* **Supplied material**:
········

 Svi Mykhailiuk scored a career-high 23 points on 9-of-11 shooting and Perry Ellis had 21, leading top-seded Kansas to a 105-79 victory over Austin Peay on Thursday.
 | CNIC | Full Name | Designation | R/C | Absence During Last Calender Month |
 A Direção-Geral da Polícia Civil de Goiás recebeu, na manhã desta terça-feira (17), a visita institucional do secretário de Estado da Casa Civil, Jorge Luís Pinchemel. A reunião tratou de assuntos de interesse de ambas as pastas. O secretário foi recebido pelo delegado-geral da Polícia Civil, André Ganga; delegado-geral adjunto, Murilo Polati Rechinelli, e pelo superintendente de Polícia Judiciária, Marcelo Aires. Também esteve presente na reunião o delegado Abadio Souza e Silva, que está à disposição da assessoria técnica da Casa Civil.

········

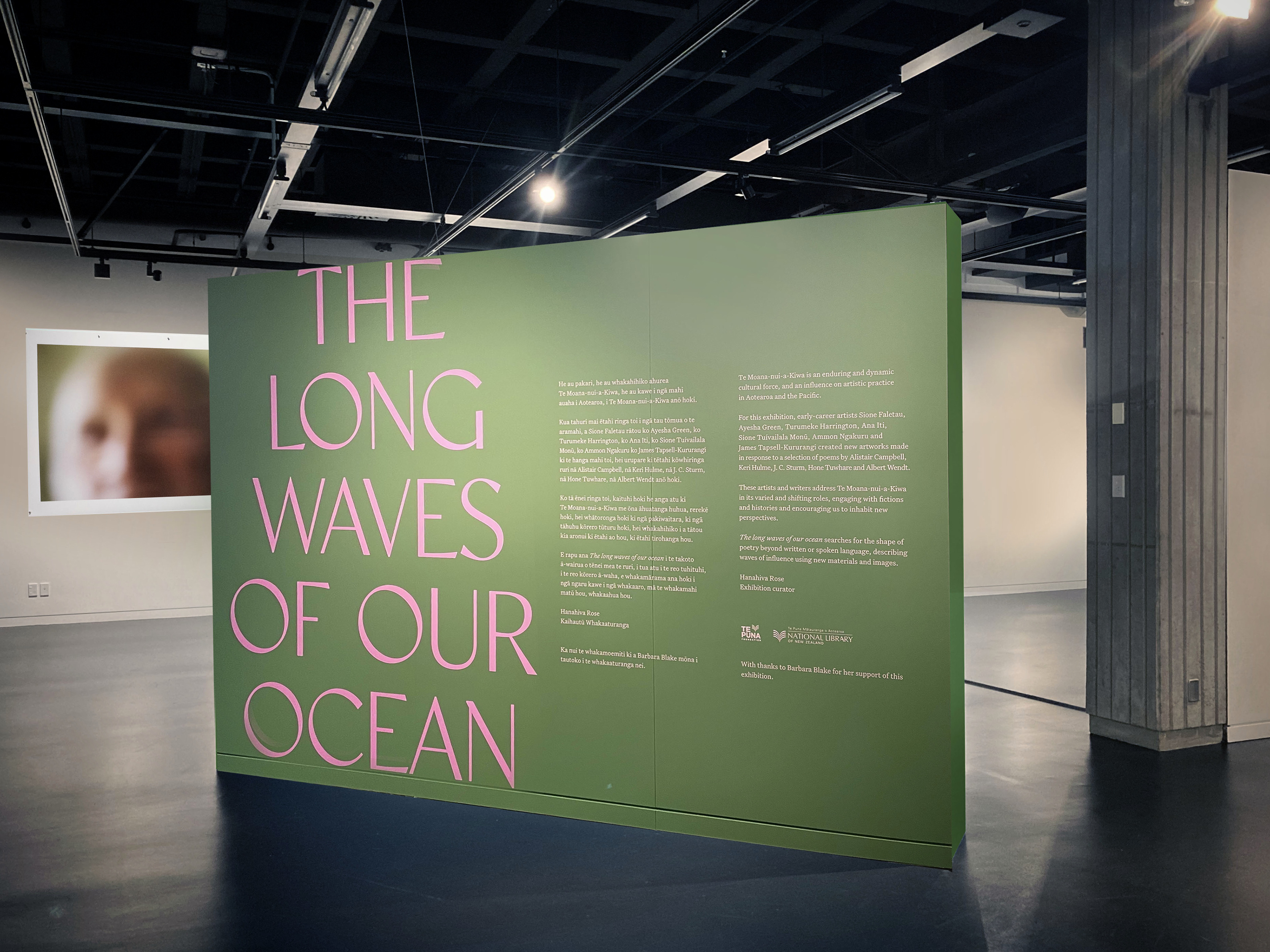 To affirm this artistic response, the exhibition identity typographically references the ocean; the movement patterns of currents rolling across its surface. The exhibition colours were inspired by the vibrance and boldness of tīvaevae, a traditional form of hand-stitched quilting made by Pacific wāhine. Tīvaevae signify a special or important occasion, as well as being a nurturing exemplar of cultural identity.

········

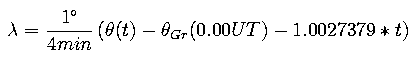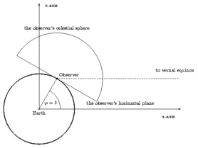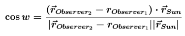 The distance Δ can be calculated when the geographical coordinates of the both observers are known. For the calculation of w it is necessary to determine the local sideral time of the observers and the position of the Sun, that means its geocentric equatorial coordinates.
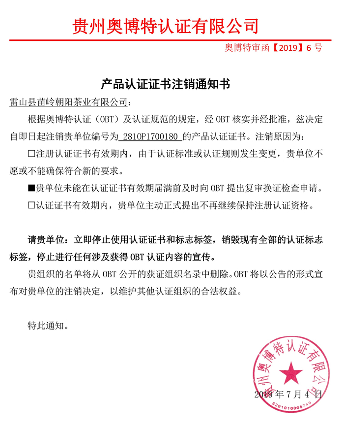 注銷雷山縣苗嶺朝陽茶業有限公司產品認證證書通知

········

* **Try it**: Copy the lines above exactly. Start with the line containing "Svi Mykhailiuk scored", end with the line containing "Calender Month |", and include both.

* **Solution to this exercise**:
 Svi Mykhailiuk scored a career-high 23 points on 9-of-11 shooting and Perry Ellis had 21, leading top-seded Kansas to a 105-79 victory over Austin Peay on Thursday.
 | CNIC | Full Name | Designation | R/C | Absence During Last Calender Month |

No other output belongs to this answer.